##### Data excerpt

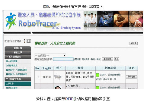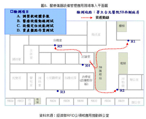 此次醫(yī)療儀器設(shè)備管理應(yīng)用概念驗(yàn)證在行政院衛(wèi)生署署立臺(tái)北醫(yī)院的積極配合下,與九家業(yè)者共同完成被動(dòng)式及主動(dòng)式RFID硬體的性能測(cè)試及資產(chǎn)辨識(shí)定位管理系統(tǒng)的雛形。署立臺(tái)北醫(yī)院為衛(wèi)生署所屬醫(yī)院北區(qū)區(qū)域聯(lián)盟管理委員會(huì)管理中心所在,執(zhí)行各項(xiàng)資源整合業(yè)務(wù)。醫(yī)院擁有近600張病床,年平均住院人次達(dá)12,000,是衛(wèi)生署所屬28家醫(yī)院之一。歷年來(lái)致力推動(dòng)醫(yī)療品質(zhì)與病人業(yè)務(wù)與國(guó)際接軌,其血液透析整合資訊系統(tǒng)于98年更獲得國(guó)際健康照護(hù)品質(zhì)協(xié)會(huì)(ISQua)之肯定,為國(guó)內(nèi)血液透析照護(hù)之典范。 98年于衛(wèi)生署“振興經(jīng)濟(jì)新方案-擴(kuò)大公共建設(shè)投資-‘加速辦理智慧醫(yī)療照護(hù)計(jì)劃’”下,與其他10家醫(yī)院進(jìn)行“醫(yī)院安全關(guān)懷RFID計(jì)劃”,而且是11家醫(yī)院中導(dǎo)入RFID應(yīng)用系統(tǒng)最完整的醫(yī)院,包含病患管理、用藥安全、貴重儀器管理、開刀房動(dòng)向管理等共十一個(gè)RFID子系統(tǒng)。
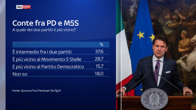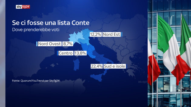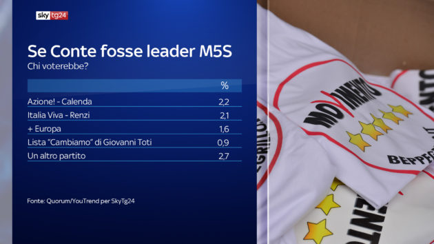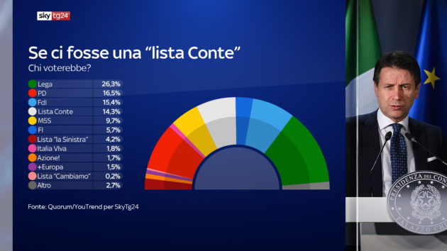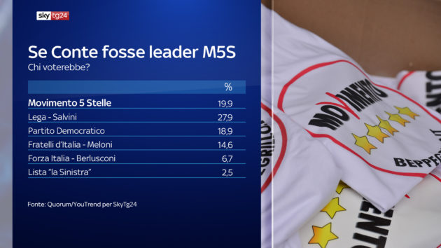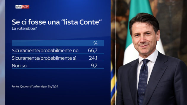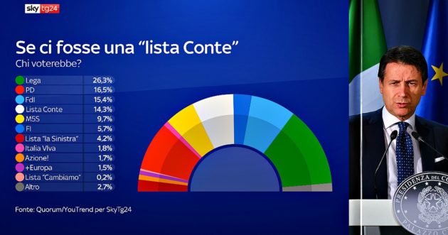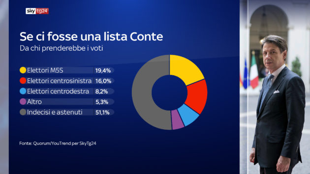 Un partito “terzo”, indipendente da M5s e Pd, guidato dal presidente del Consiglio Giuseppe Conte, potrebbe valere più del 14 per cento. Una forza politica che non rivoluzionerebbe lo scenario politico, ma cambierebbe parecchi equilibri, non solo nel centrosinistra e nell’area di governo. Il dato è stato elaborato da un sondaggio Quorum/YouTrend diffuso da SkyTg24.
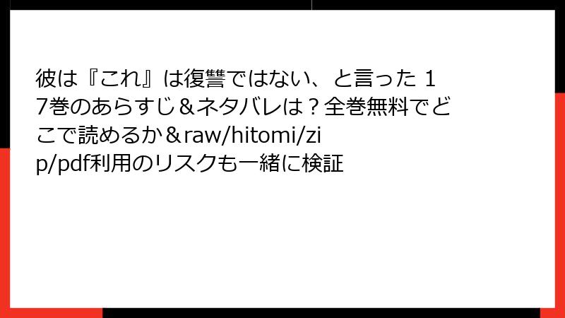 『彼は『これ』は復讐ではない、と言った』は、高井唯人による人気の復讐サスペンス漫画で、コミックシーモアで独占配信されています。しかし、raw、hitomi、zip、pdf、漫画バンクなどの海賊版サイトでこの漫画を読むことを検討する人もいるかもしれません。これらの海賊版サイトを利用することは、一見無料で手軽に見えるかもしれませんが、法的、倫理的、そして技術的なリスクを伴います。この記事では、こうした海賊版サイトで『彼は『これ』は復讐ではない、と言った』を読むことの具体的なリスクを、ブログ記事形式で詳しく解説します。

##########

▸ Exercise description
Please write out, exactly, every line from the line with "diffuso da SkyTg24." through the final line of the data above, leaving out pictures.

▸ Output for this exercise
 Un partito “terzo”, indipendente da M5s e Pd, guidato dal presidente del Consiglio Giuseppe Conte, potrebbe valere più del 14 per cento. Una forza politica che non rivoluzionerebbe lo scenario politico, ma cambierebbe parecchi equilibri, non solo nel centrosinistra e nell’area di governo. Il dato è stato elaborato da un sondaggio Quorum/YouTrend diffuso da SkyTg24.
 『彼は『これ』は復讐ではない、と言った』は、高井唯人による人気の復讐サスペンス漫画で、コミックシーモアで独占配信されています。しかし、raw、hitomi、zip、pdf、漫画バンクなどの海賊版サイトでこの漫画を読むことを検討する人もいるかもしれません。これらの海賊版サイトを利用することは、一見無料で手軽に見えるかもしれませんが、法的、倫理的、そして技術的なリスクを伴います。この記事では、こうした海賊版サイトで『彼は『これ』は復讐ではない、と言った』を読むことの具体的なリスクを、ブログ記事形式で詳しく解説します。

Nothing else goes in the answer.